Students debated whether the rights guaranteed by the Second Amendment should have limits or be controlled in The Great Gun Control Debate.
"Right now, somewhere in the United States, someone’s purchasing a gun. ... Use of these weapons can yield disastrous results," said Brett Nix, who argued in favor of increased regulations of firearms.
"Look at the news; there’s shootings everywhere in the United States every single day," Nix said. "Right now, somebody’s probably being shot as we speak."
Yet, Nix and fellow proponent of gun regulations Amon Kirk did not have many supporters in their corner. Only five people sat on the side of the room designated for supporters of gun control.

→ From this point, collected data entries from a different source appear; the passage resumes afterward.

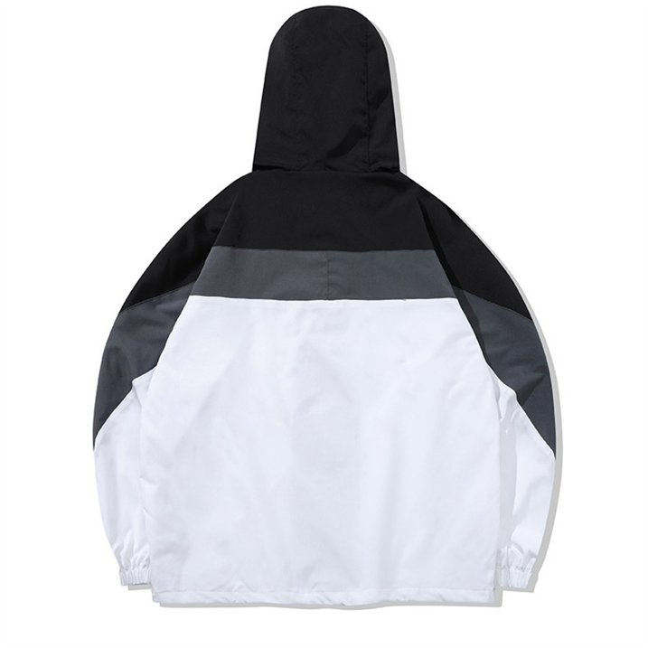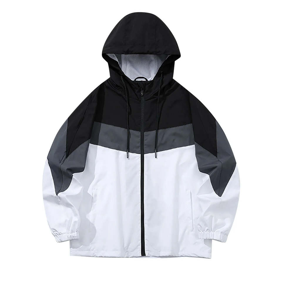 เสื้อแจ็คเก็ตบอมเบอร์กันลมสำหรับผู้หญิงและผู้ชาย น้ำหนักเบา เคลือบผิว โพลีเอสเตอร์ ทรงทางการ สีบล็อก ซิป สีดำ สีขาว ไซส์พลัส สำหรับฤดูใบไม้ผลิ
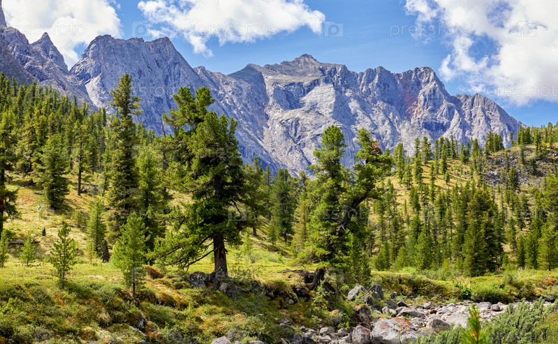 Сибирские сосны в горной долине возле хребта
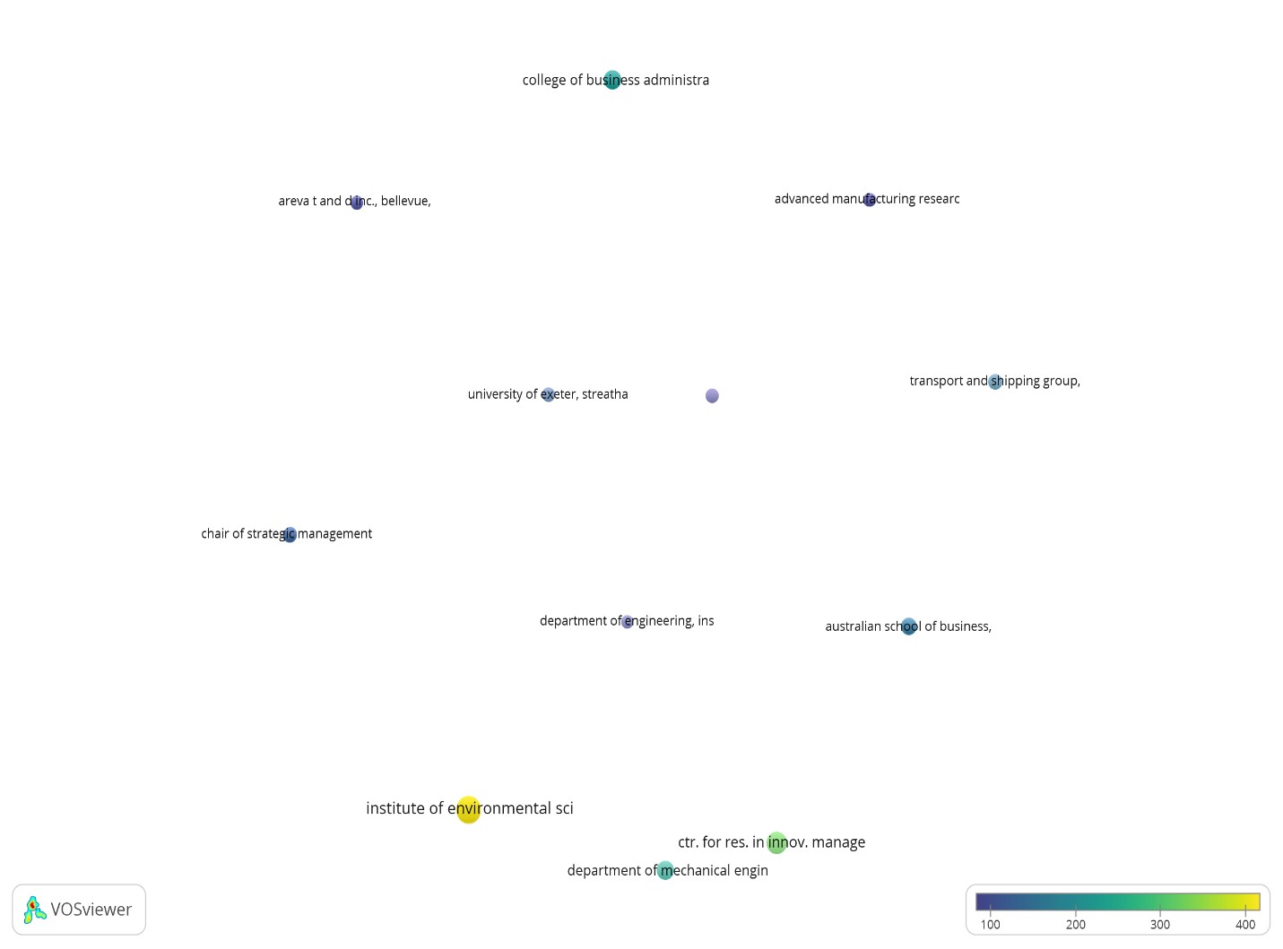 Para la identificación de las instituciones que colaboran en la generación y transferencia de conocimiento en la temática de GTI en instituciones militares y de defensa, se utilizó como criterio el nivel de citación con mínimo 100 citas (ver Figura 4); con base en este criterio se identificaron 8 instituciones, 4 de ellas son europeas, 2 americanas, 1 asiática y 1 del continente de Oceanía. Entre las instituciones están: la Universidad de Leiden, Instituto de Ciencias Ambientales, (Holanda), la Organización holandesa para la investigación científica aplicada (Holanda), la Universidad Noruega de Ciencia y Tecnología (Noruega), la Universidad de Brighton (Reino Unido); la Universidad de Tennessee, Colegio de Administración de Empresas, Knoxville (Estados Unidos); el Instituto de Tecnología y Ciencia, Departamento de Mecánica e Ingeniería, Pilani (India); la Universidad Memphis (Estados Unidos); la Universidad de Nueva Gales del Sur, Escuela Australiana de Negocios, Sydney (Australia) (Figura 8).
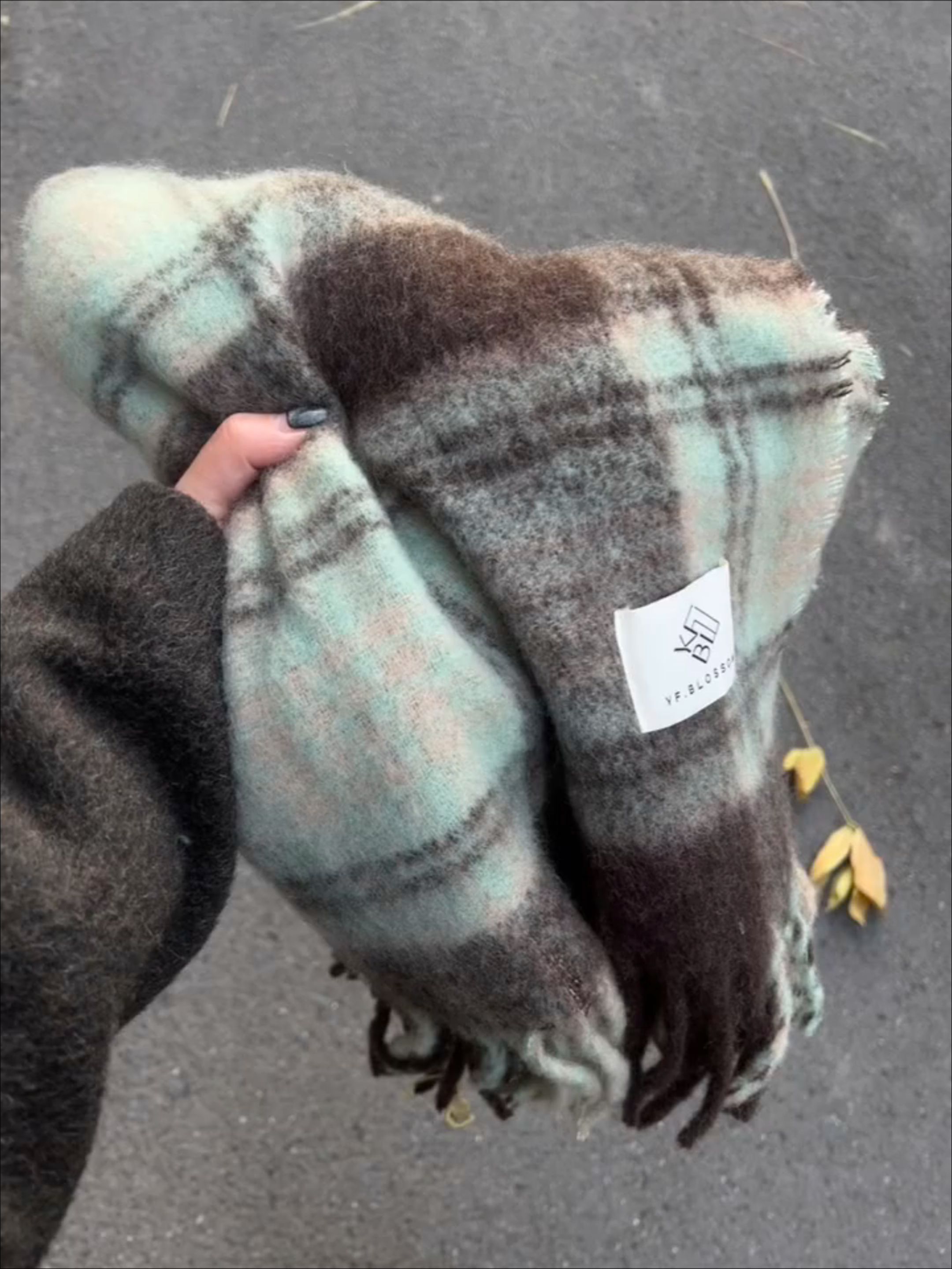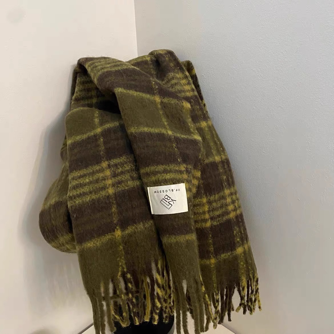 민트 그린 스카프 가을과 겨울 여성의 봉제 줄무늬 따뜻한 한랭 목도리 이중 사용 생일 선물 2024 새로운스토어 가기

Instead, the two debaters faced critical questions and heckling, which was encouraged in Monday’s parliamentary debate, from nearly 30 people who were in the "NRA way of thinking."

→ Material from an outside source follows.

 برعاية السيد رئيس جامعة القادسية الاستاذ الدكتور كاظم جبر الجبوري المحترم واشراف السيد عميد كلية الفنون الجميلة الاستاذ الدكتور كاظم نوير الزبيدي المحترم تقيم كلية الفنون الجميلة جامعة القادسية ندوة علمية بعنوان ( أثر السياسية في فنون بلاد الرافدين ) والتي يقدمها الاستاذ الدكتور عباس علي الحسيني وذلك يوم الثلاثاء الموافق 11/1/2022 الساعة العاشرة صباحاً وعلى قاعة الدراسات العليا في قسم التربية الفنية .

Other debaters argued against increasing firearms regulations, saying guns are not as big a problem as drugs.
"Guns kill people like spoons make people fat," said Caitlin O’Dell, who said more cities should look at the city of Kennesaw that requires heads of households to own guns. "Guns are just an instrument, and it’s the person who really decides it."
Despite the imbalance in the audience’s opinions and most voting that gun control should be minimal, the audience vote indicated that both sides did an equal job of presenting their arguments.
Monday’s debate was part of a series of debates sponsored by the GSC Debate Club, Sigma Chi Eta, the Politically Incorrect Club and the Students for Progressive Society.
The next debate at noon on March 19 will center on liberalism versus conservatism.